ASSIGNED TASK: Take the records below from their first line through the line holding "Baby’s Unisex Quilted", and set each of those lines down exactly, without pictures.

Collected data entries
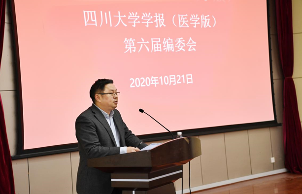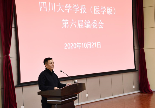 副校长、ok138cn太阳集团学报(医学版)主编张林做了学报发展工作报告。他首先回顾了学报的历史,指出学报是国内最早进入国际重要生物学数据库的中文医学期刊之一。随后介绍了学报的现况及近几年开展的重点工作,如重视数字化出版,缩短传播周期;加强制度建设,推动精细化管理等。他分析了学报发展面临的机遇,他指出,回顾学报发展历程,历次跨越式发展与国家的相关扶持政策以及与学校整体发展密不可分。2016年习近平总书记提出“广大科技工作者要把论文写在祖国的大地上”,2019年四部门又联合出台了《关于深化改革 培育世界一流科技期刊的意见》,可以说我国中文科技期刊正面临着大好的形势。学报有悠久的办刊历史和优良的传统,有华西百年医学做支撑,有精湛的编校队伍,有国内领先的数字出版平台。在此基础上,张林介绍了学报下一步发展规划,提出了新的办刊宗旨和近期目标。对学报的下一步发展提出了进一步加强了办刊队伍建设,充分发挥编委的学术引领作用,继续深化探索期刊现代化发展的道路,重视期刊品牌建设,多渠道筹措办刊经费和探索新的办刊模式的工作思路和相关安排。
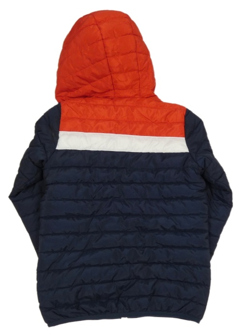• Tmavomodro-bielo-červená prešívaná šušťáková zimná bunda s nášivkou a kapucňou JACK&JONES
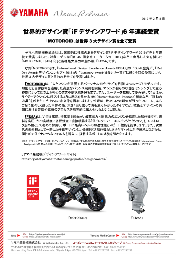 ヤマハ発動機株式会社は、国際的に権威のあるデザイン賞「iFデザインアワード2019」※を6年連続で受賞しました。対象モデルは「第45回東京モーターショー2017」などに出品し人気を博した「MOTOROiD(モトロイド)」と当社最大馬力の船外機 「F425A」です。
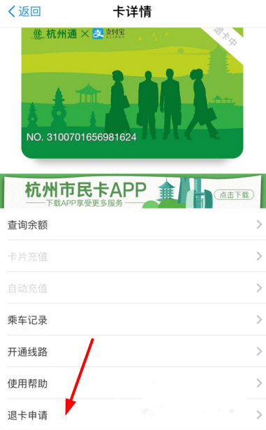 进入到公交卡页面,点击【退款申请】就可以了。
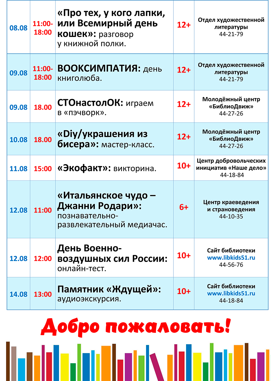 Кроме этого, читатели могут принять участие в Межрегиональном творческом проекте «Традиции живая нить», приуроченном к объявленному в Российской Федерации Году культурного наследия народов России (до 1 ноября 2022 года), в IV Межрегиональном конкурсе «Дневник путешественника», организованный в честь Дня географа (до 17 августа 2022 года), присоединиться к акции в честь Дня полярника «Арктический урок» (до 17 августа 2022 года).
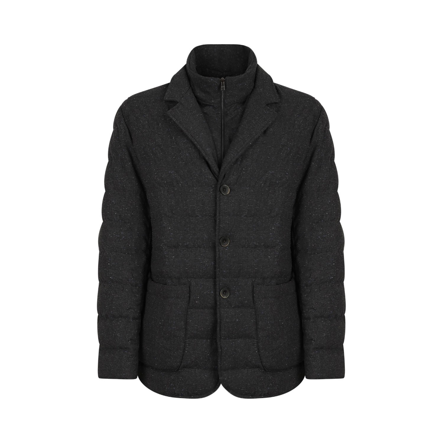 Herno Grey Quilted Jacket. Grey quilted design jacket with four button fastening, patch pockets, high neck and wool blend.
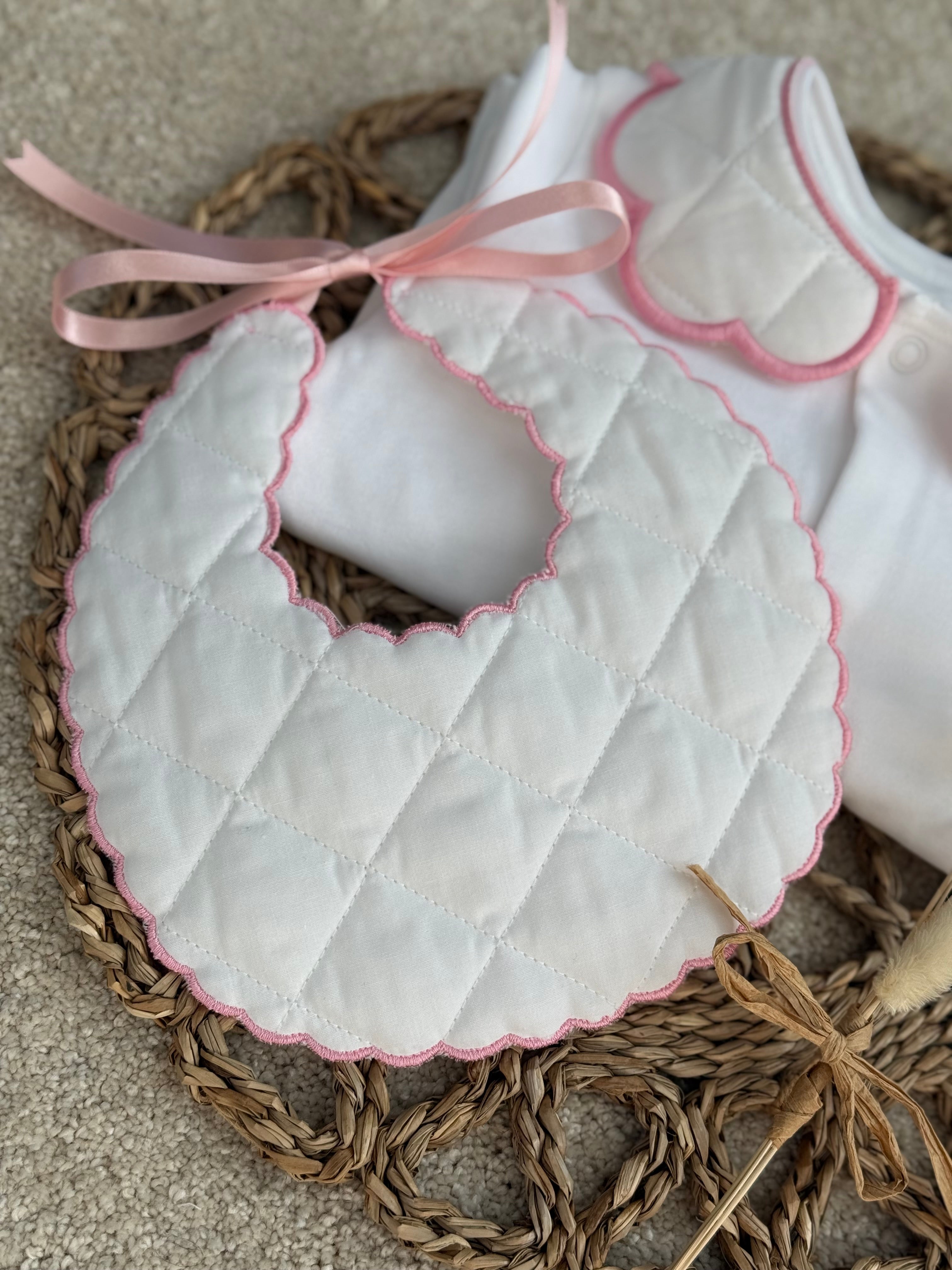 Baby’s Unisex Quilted Handmade Sleepsuit, Bib
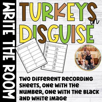 - Two unique recording sheets, one is just the number of the turkey, the other has a little miniature turkey in black and white for them to write the name next to.

EXPECTED ANSWER:
 副校长、ok138cn太阳集团学报(医学版)主编张林做了学报发展工作报告。他首先回顾了学报的历史,指出学报是国内最早进入国际重要生物学数据库的中文医学期刊之一。随后介绍了学报的现况及近几年开展的重点工作,如重视数字化出版,缩短传播周期;加强制度建设,推动精细化管理等。他分析了学报发展面临的机遇,他指出,回顾学报发展历程,历次跨越式发展与国家的相关扶持政策以及与学校整体发展密不可分。2016年习近平总书记提出“广大科技工作者要把论文写在祖国的大地上”,2019年四部门又联合出台了《关于深化改革 培育世界一流科技期刊的意见》,可以说我国中文科技期刊正面临着大好的形势。学报有悠久的办刊历史和优良的传统,有华西百年医学做支撑,有精湛的编校队伍,有国内领先的数字出版平台。在此基础上,张林介绍了学报下一步发展规划,提出了新的办刊宗旨和近期目标。对学报的下一步发展提出了进一步加强了办刊队伍建设,充分发挥编委的学术引领作用,继续深化探索期刊现代化发展的道路,重视期刊品牌建设,多渠道筹措办刊经费和探索新的办刊模式的工作思路和相关安排。
• Tmavomodro-bielo-červená prešívaná šušťáková zimná bunda s nášivkou a kapucňou JACK&JONES
 ヤマハ発動機株式会社は、国際的に権威のあるデザイン賞「iFデザインアワード2019」※を6年連続で受賞しました。対象モデルは「第45回東京モーターショー2017」などに出品し人気を博した「MOTOROiD(モトロイド)」と当社最大馬力の船外機 「F425A」です。
 进入到公交卡页面,点击【退款申请】就可以了。
 Кроме этого, читатели могут принять участие в Межрегиональном творческом проекте «Традиции живая нить», приуроченном к объявленному в Российской Федерации Году культурного наследия народов России (до 1 ноября 2022 года), в IV Межрегиональном конкурсе «Дневник путешественника», организованный в честь Дня географа (до 17 августа 2022 года), присоединиться к акции в честь Дня полярника «Арктический урок» (до 17 августа 2022 года).
 Herno Grey Quilted Jacket. Grey quilted design jacket with four button fastening, patch pockets, high neck and wool blend.
 Baby’s Unisex Quilted Handmade Sleepsuit, Bib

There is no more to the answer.